Один мальчонка запрыгнул в кузов у меня за спиной, а другой начал швырять мне окорока; я их ловил и переправлял парню позади, а тот оборачивался и кидал в глубину кузова. Окорока прилетали быстро БЫСТРО они были тяжелыми и становились все тяжелее. Как только я закидывал один и оборачивался, следующий уже летел ко мне по воздуху. Я знал, что они пытаются меня сломать. Скоро я уже весь потел потел так, будто открутили все краны, и спина у меня болела, запястья болели, руки болели, все болело а сам я дошел до последней невозможной унции своей вялой энергии. Я едва видел, едва мог собраться и поймать еще один окорок и швырнуть его, еще один окорок и швырнуть его. Кровью заляпало меня всего, а руки продолжали ловить мягкий мертвый тяжелый флумп, окорок немного подавался, как женская задница, а я слишком ослаб даже для того, чтобы вякнуть:

– Эй, да что с вами такое парни, к ЧЕРТУ? – Окорока летят, я кручусь, как на крест прибитый под своей каской, а они все подвозят тачки, полные окороков окороков окороков и наконец все они опустели, а я стою, покачиваясь и дыша желтым электрическим светом. То была ночь в аду. Что ж, мне всегда нравилась ночная работа.

– Пошли!

Меня отвели в другую комнату. По воздуху, сквозь большое отверстие под потолком в противоположной стене – половина бычка, или, может, даже и целый бычок, да, бычки целиком, только подумайте, со всеми четырьмя ногами, по одному выползают из отверстия на крюках, их только что убили, и один останавливается прямо надо мной, висит прямо надо мной на этом своем крюке.

”Его только что убили, – подумал я, – убили чертову тварь. Как они могут отличить человека от бычка? Как они узнают, что я – не бычок?”

– ЛАДНО – КАЧАЙ!

– Качать?

– Точно – ТАНЦУЙ С НИМ!

– Что?

– Ох ты ж господи! Джордж, иди сюда!

Джордж подлез под мертвого бычка. Схватил его. РАЗ. Побежал вперед. ДВА. Побежал назад. ТРИ. Побежал далеко вперед. Бычок был почти параллелен земле. Кто-то нажал на кнопку, и он свое получил. Получил свое ради всех мясных рынков мира.

Получил свое ради дуркующих сплетниц заспанных дур домохозяек мира в 2 часа пополудни в своих халатах, сосущих измазанные красным сигареты и почти ничего не чувствующих.

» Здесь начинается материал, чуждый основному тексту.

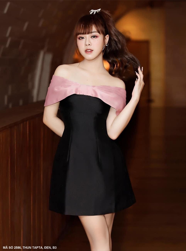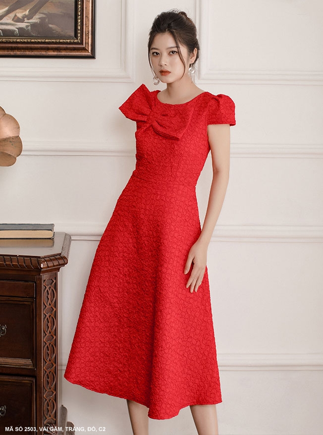 ĐẦM GẤM CỔ THUYỀN ĐÍNH NƠ CỔ SANG TRỌNG

Меня поставили под следующего бычка.

РАЗ.

ДВА.

ТРИ.

Готово. Его мертвые кости против моих живых, его мертвая плоть против моей живой, и со всеми этими костями и этой тяжестью я подумал о смазливой пизденке, сидящей на кушетке напротив меня, задрав ногу на ногу, и я – со стаканом в руке, медленно и верно затираю ей, пробираюсь в этот пустой ум ее тела, и тут Хэнк заорал:

– ПОВЕСЬ ЕЕ В МАШИНУ!

Я побежал к грузовику. Стыд поражения, преподанный мне, пацану, на школьных дворах Америки, что я не должен ронять бычка на землю, поскольку это лишь докажет, что я – трус и не мужчина, а, следовательно, много и не заслуживаю, одни фырчки да смешки, в Америке ты должен быть победителем, другого выхода нет, приходится учиться драться за так, не задавай вопросов, а кроме того, если бы я уронил бычка, возможно, пришлось бы его и поднимать, а я знал, что мне его никогда не поднять. Кроме этого, он испачкается. А я не хотел, чтобы он пачкался, или, скорее – они не хотели, чтобы он пачкался.

Я вбежал в грузовик.

– ВЕШАЙ!

Крюк, свисавший с потолка фургона, был туп, точно большой палец без ногтя. Даешь брюху бычка немного соскользнуть назад и целишь наверх, насаживаешь верхнюю часть на крюк снова и снова, а крюк не проходит. Матерь-срака!! Сплошная щетина и жир, туго, туго.

– ДАВАЙ! ДАВАЙ!

Я поднатужился из последних сил, и крюк прошел, прекрасное это зрелище, чудо просто: крюк протыкает бычка, бычок повисает сам, совершенно вне моих плеч, висит для домашних халатов и сплетен в мясных лавках.

– ШЕВЕЛИСЬ!

285-фунтовый негрила, хамоватый, смышленый, собранный, убийственный, вошел в фургон, повесил свое мясо со щелчком, взглянул на меня сверху вниз:

– Мы тут цепочкой держимся!

– Лады, ас.

Я вышел перед ним. Меня ждал еще один бычок. Каждый раз, когда я грузил следующего, я был уверен, что он – последний, больше мне не справиться, но я твердил себе еще один еще один и все потом бросаю.

На хуй.

Они только и ждали, чтобы я бросил, я по глазам видел, по улыбкам, когда они думали, что я смотрю в другую сторону. Мне не хотелось дарить им победу. И я шел за следующим бычком. Игрок. Один последний рывок бывшего крутого игрока. Я бросался на мясо.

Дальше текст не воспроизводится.